For instance, in Wyoming where fracking has occurred, there is a new hole in the ozone. The dangers of loss of ozone are well known. In many places where fracking has taken place, the water supply has been rendered unusable. This is a very basic concern for everyone. If water in the area where you live becomes contaminated and toxic, what will you do? To find out more about the dangers of fracking and how to protect yourself, contact seoregionalstrategymeeting@gmail.com or Rachel Hyden, Clean Water Fellow, Ohio Sierra Club. rh148407@ohio.edu.
Elise McMath
New England Road
Amesville
It never ceases to amaze me how many people write letters about fracking when they are entirely clueless. As I have written to other uneducated individuals writing on this subject, watchingt "Gasland" gives you no knowledge since almost all information they used is false. The 2005 bill, which Obama himself voted for does not exempt oil and gas companies from any laws or acts of congress. That was an entirely false statement from a movie chock full of false statements.
Misstating the Law
(6:05) “What I didn’t know was that the 2005 energy bill pushed through Congress by Dick Cheney exempts the oil and natural gas industries from Clean Water Act, the Clean Air Act, the Safe Drinking Water Act, the Superfund law, and about a dozen other environmental and Democratic regulations.”

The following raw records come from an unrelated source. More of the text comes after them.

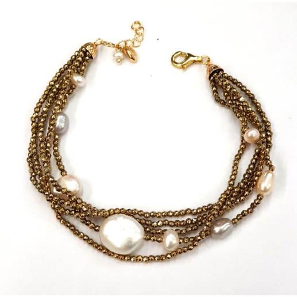 Brățară Celeste din hematit auriu și perle. Brățară cu cinci șiraguri din hematit auriu natural și perle de cultură. Dimensiune: aproximativ 19 - 23 cm, reglabilă. Se poate compune set cu: Colier Celeste. Detalii produs: Argint 925/°°° placat cu aur galben, cu tratament antioxidant unic. Certificat de garanție a materialului. Cutie și pungă cadou incluse. Fiecare bijuterie este realizată manual, cu precizia inconfundabilă Made in Italy. Notă: Pot exista mici diferențe față de imaginea produsului, deoarece fiecare bijuterie este realizată manual, iar perlele sunt neuniforme. Culorile pietrelor semiprețioase pot diferi în funcție de reflexia luminii.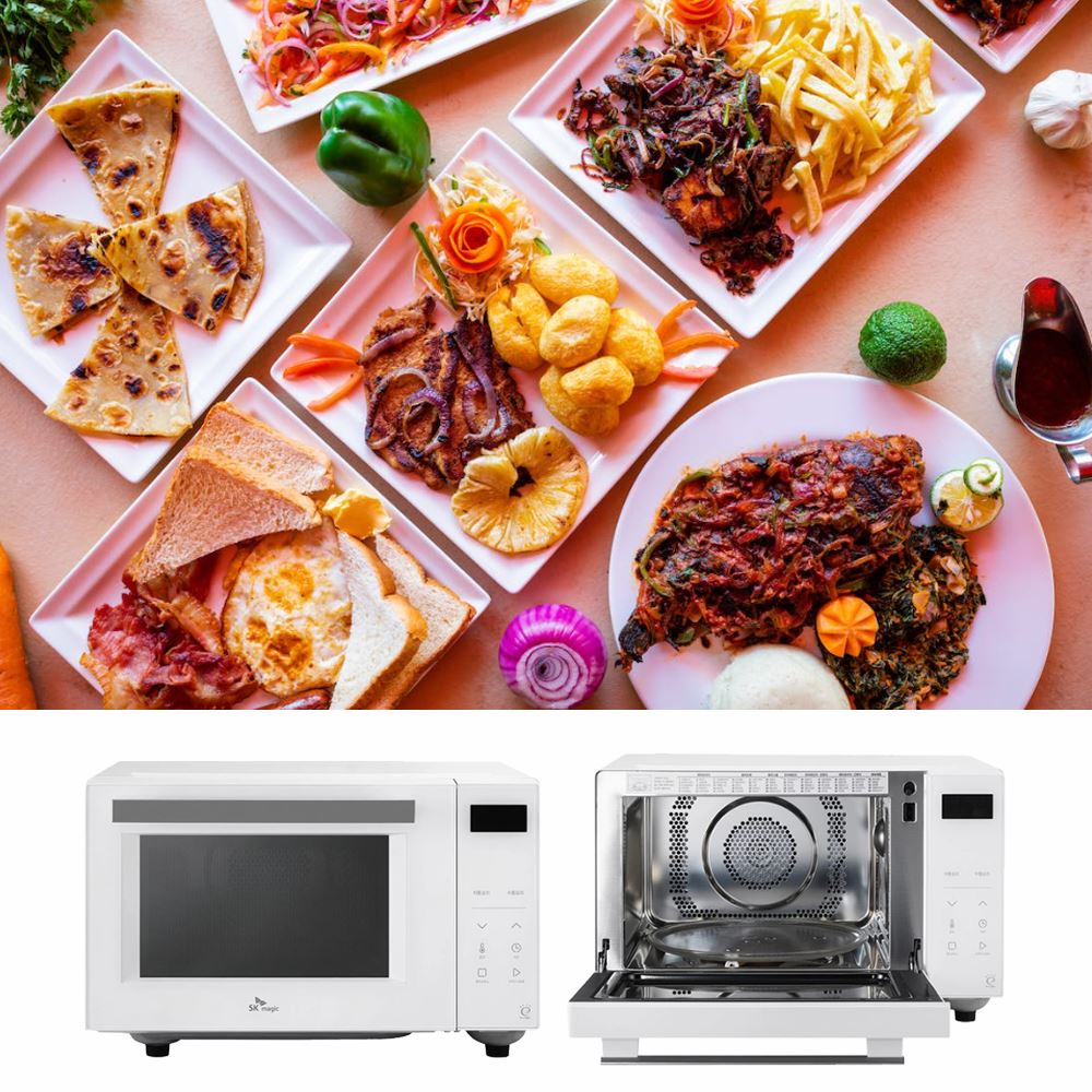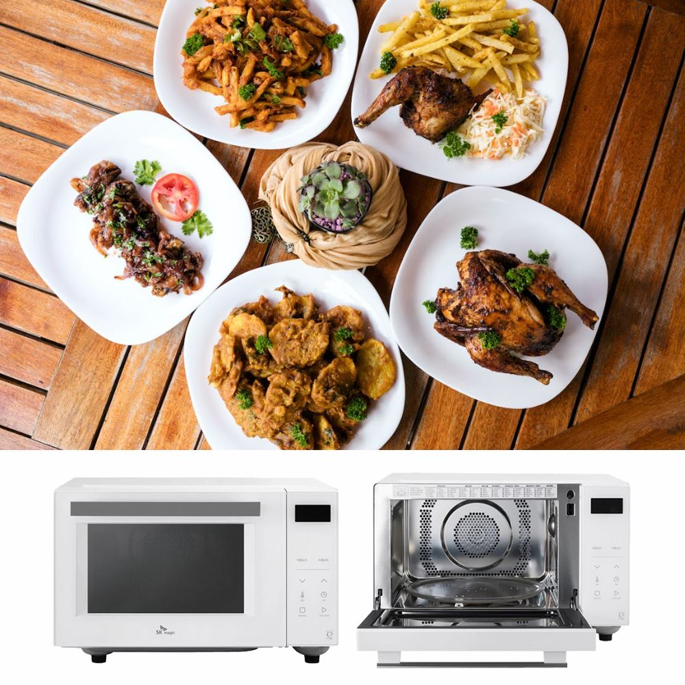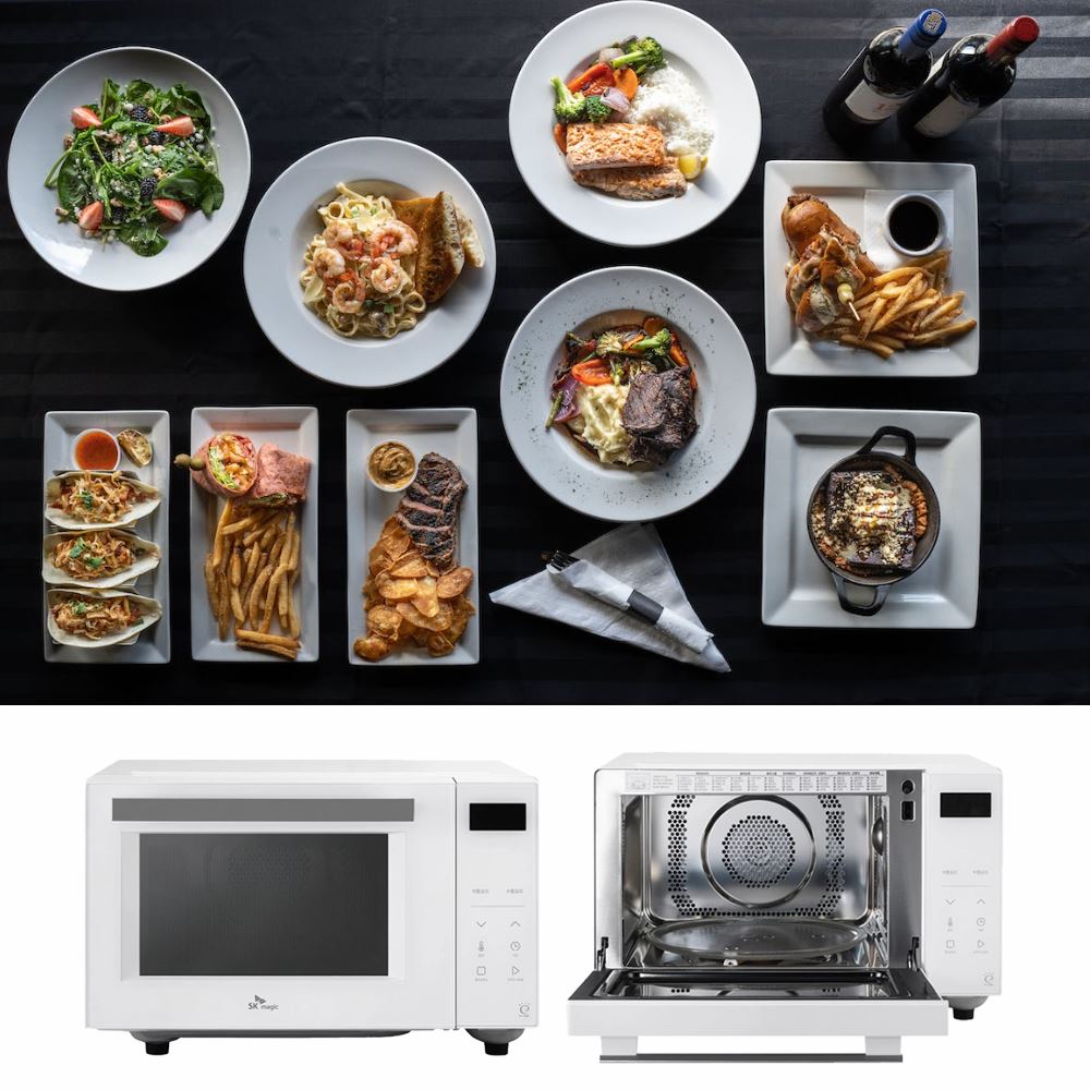 에어프라이어 + 전자레인지 + 오븐 + 그릴 + 베이킹 + 간편식 + 쾌속해동 = SK매직 에어프라이어 오븐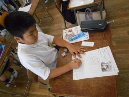 「ボール送りリレーの時はこの場所です。」とか「徒競走は一生懸命走ります。」など家族へのメッセージを書いていました。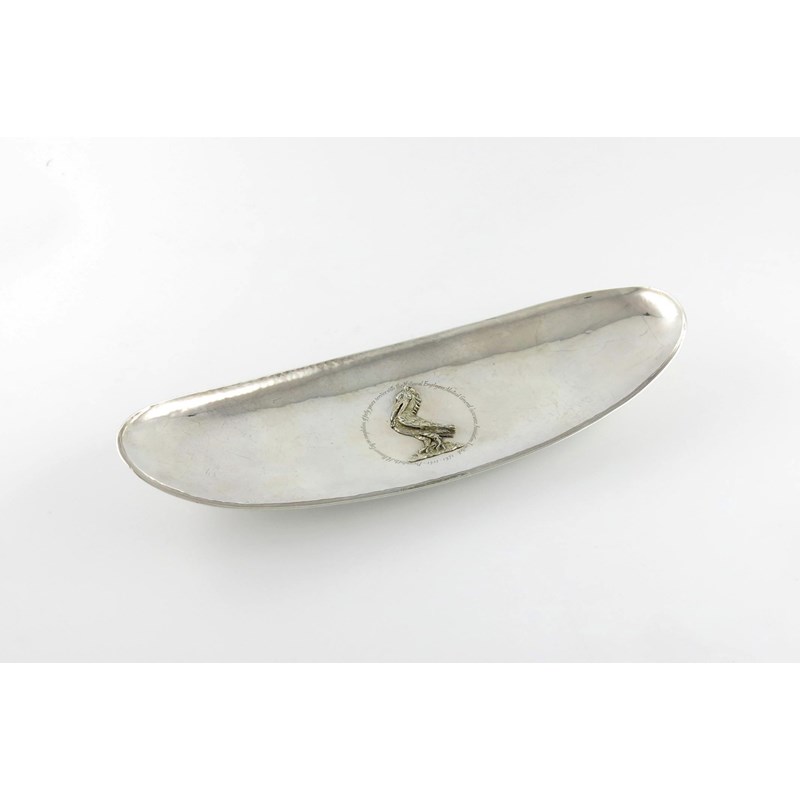 elongated oval form, spot-hammered decoration, the centre mounted with a gilded bird, possibly a pelican, inscribed 'Presented to J.B Banner Esq. on completion of forty years service with the national Employers Mutual General Insurance Association Limited 1933-1973', length 34.4cm, approx. weight 18oz.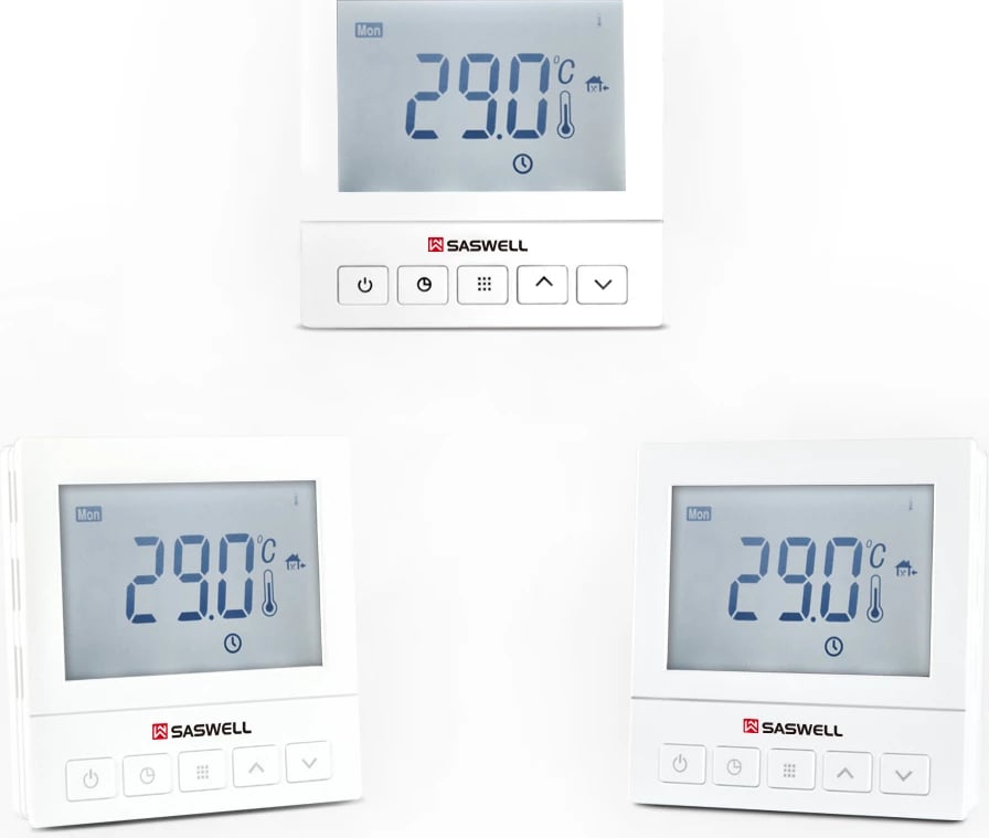 Termostat Smart i programueshëm i dizajnuar për përdorim për ngrohje qendrore elektrike, me gaz dhe me naftë. Termostati mund të kontrollohet me butonat. Termostati ka funksion 7 ditore i cili sipas kohës së caktuar kontrollon temperaturën e dhomës. Instalimi është i lehtë, pjesa kontorlluese montohet në kalda dhe termostati në dhomë i cili është pa tela (WI-FI), termostati mund te ngjitet në muri me ngjitës apo gozhda ose mund te vendoset në mbajtësen e cila është në kuti bashkë me 4 bateri AAA.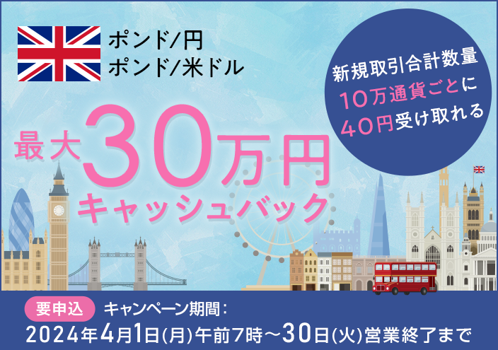 キャンペーンに申し込まれたお客さまに、期間中におけるポンド/円とポンド/米ドルの新規取引合計数量に応じて、最大300,000円をキャッシュバックします。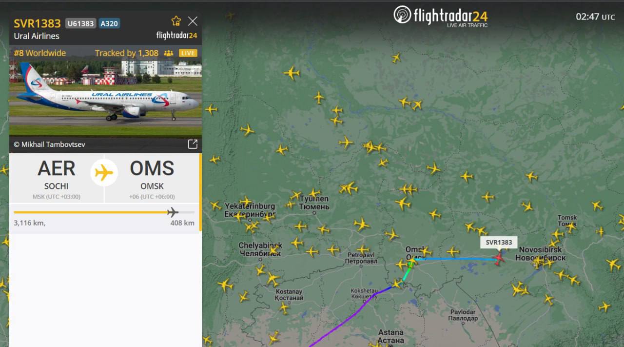 Самолет «Уральских авиалиний», летевший из Сочи в Омск, по предварительным данным, совершил экстренную посадку на грунт в сельской местности недалеко от Новосибирска. На борту находятся 170 пассажиров, среди них 23 ребенка. Информация на данный момент проверяется. Также данных о пострадавших пока нет.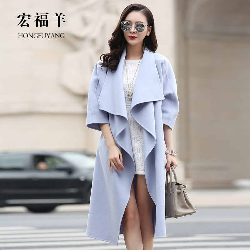 2015年秋冬新款 頂級手工雙面羊絨大衣長外套 高圓圓明星同款 /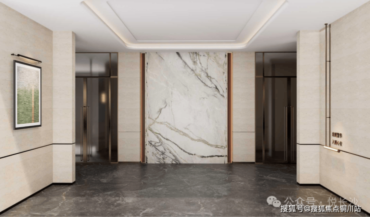 此外,项目二期高层区域还打造了高品质架空层,以卡拉卡塔·莫奈大理石为背景,石材与金属线条勾勒软装的层次。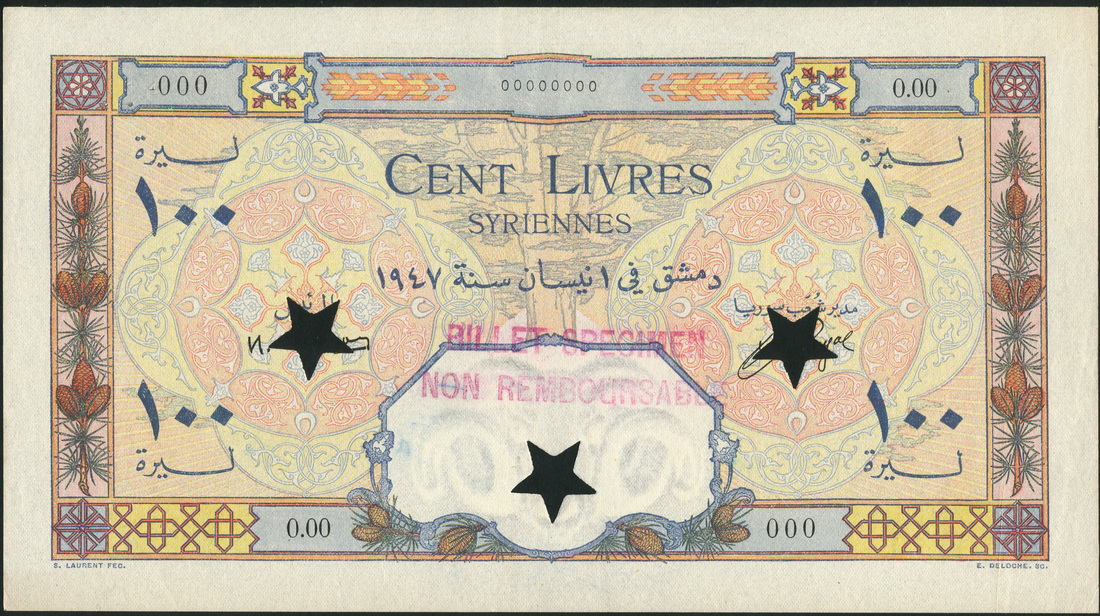 Banque de Syrie et du Liban, Syria, specimen 100 Livres, 1947, zero serial numbers, Busson and Souayal signatures, blue, pink, yellow and multicoloured, cedar tree at centre, ornate patterned circles on each side, cedar cones in left and right panels, reverse mosque at upper centre, incense burners at left and right, overprinted BILLET SPECIMEN NON REMBOURSABLE in purple on obverse and reverse, stars cancellation

You also assert (from the movie again) that water has become unusable. Well, fracking was first done in 1949 and in the years since there has not been one case of fracking affecting water supplies. Super environmentalist and administrator of Obama's EPA testified before congress that their 2 studies at a cost of 34 million did not find one single instance where fracking polluted any water source. The DEP in Pa did a similar study and was disappointed when they too did not find such evidence.
So in summary, your letter is a bunch of garbage rolled into a movie. You also revealed your lack of knowledge when you claimed that drilling is sometimes diagonal. In fracking it's always diagonal. Josh Fox who produced the movie made the same mistake by mixing up oil drilling and fracking. It's easy to be a liberal because you don't have to think for yourself. You can just watch a distorted movie and declare yourself an expert.
It never ceases to amaze me how ridiculously hard-headed your comments regarding this issue are. YOU reveal your lack of knowledge on this subject when your "facts" are simply propaganda put out by the oil and gas industry. Energy in Depth is a campaign put out by America's oil and gas producers in an attempt to hide the truth about hydraulic fracturing. I shutter at the thought of how much money the industry has wasted telling people how clean natural gas is and how safe horizontal drilling is. It's shameful, really, how effortlessly you can lie through your teeth.
The truth is this method of drilling does have an effect on our clean water supply- these companies will tell you there hasn't been one documented case of contamination, but that doesn't mean that it isn't happening. A study done by Duke University documents methane contamination of drinking water associated with shale-gas extraction. Of course I'm sure you'll write this off as a study not worthy of your time. But folks, it is. http://bit.ly/lpv4Ml
Please don't be fooled by the gas industries propaganda. Educate yourself on this issue, because at the end of the day this is your water, your air, your land and your life. Don't let them take that away from you.